The API for the SequenceScoringTool and humanization has been updated and streamlined so if you are scoring sequences for humanness or humanizing them please see the updated section of the docs.

Licensing

Versions v0.3.9 and afterwards are licensed for academic and noncommercial use only; you must first obtain a free license key to use. You do not have to re-setup the key when upgrading AntPack in an existing venv or conda environment.

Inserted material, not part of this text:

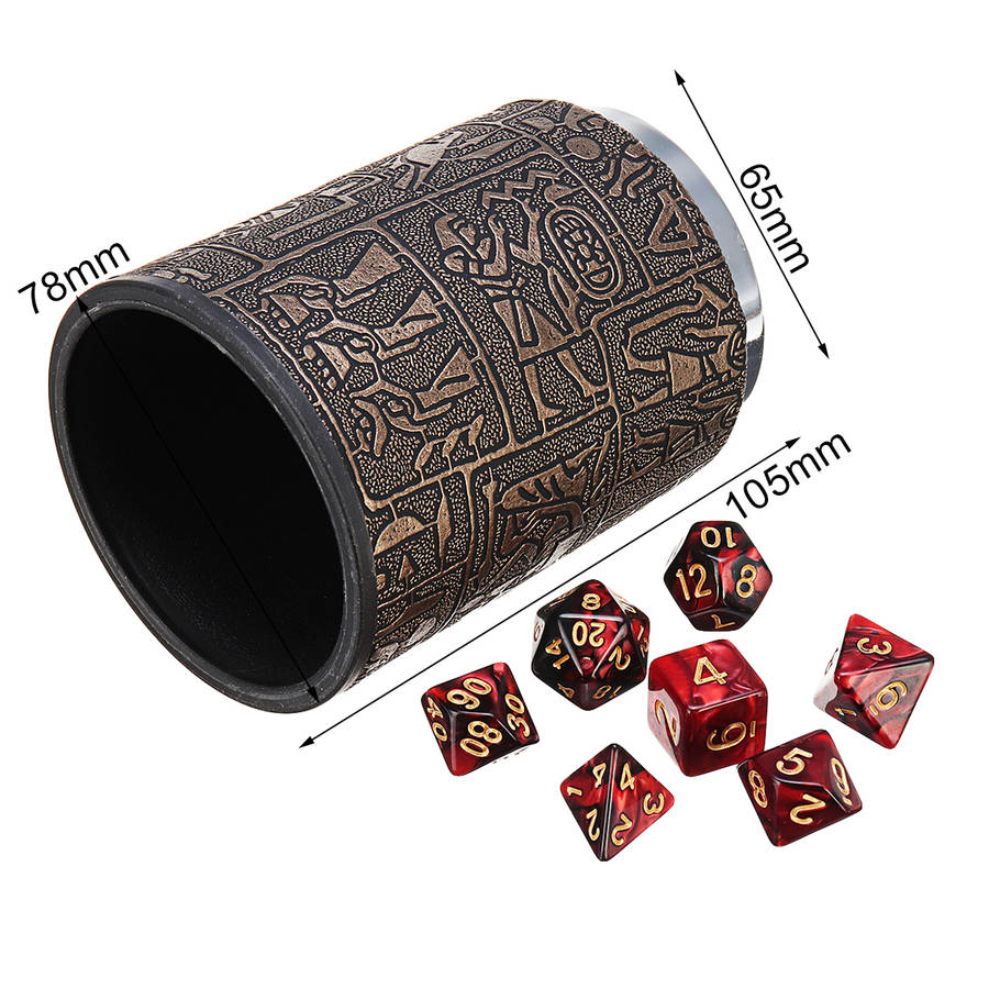 Specification: Dice Material: Acrylic Dice Cup Material: Plastic+PU Leather Surface Dice Cup Size(H*Dia):105 x 78 mm Dice Quantity: 7 Pcs Features: Good amusing dice game accessory. Each die with large and easy to read numbers. The dice styles are different and the shapes are beautiful. Made of acrylic materials which is durable and hardwearing. Dice cup with classical style, can also be used as a home decoration, improve home level. These are Double-Colors Dice.The polyhedral 7PCS set is a good accessory for Dungeons and Dragons DND MTG RPG. Package Included: 1 x Dice Cup 7 x Dice More details:

Versions prior to 0.3.9 were made available under the GPL, which means they can be used it for your own data analysis in any manner you wish whether you work in academia or industry, but any software built using AntPack and intended for sale or distribution must also be open-source under the GPL license. Therefore if you are currently using e.g. v0.3.8.6.2 for data analysis, you should feel free to continue to do so under the terms of your existing license. Also note that v0.3.8.6.2 (the most recent open source version) is still available on PyPi and can be installed using:

pip install antpack==0.3.8.6.2

Please note that v0.3.8.6.2 contains a bug fix from v0.3.8.5 and should be preferred to v0.3.8.5.

Installation

Starting with v0.3.9, AntPack is only available for noncommercial academic use. To use AntPack versions v0.3.9 or later, you must first obtain a free license key. To install AntPack, run:

pip install antpack
AntPack-setup

then paste in the license key and your email address when prompted.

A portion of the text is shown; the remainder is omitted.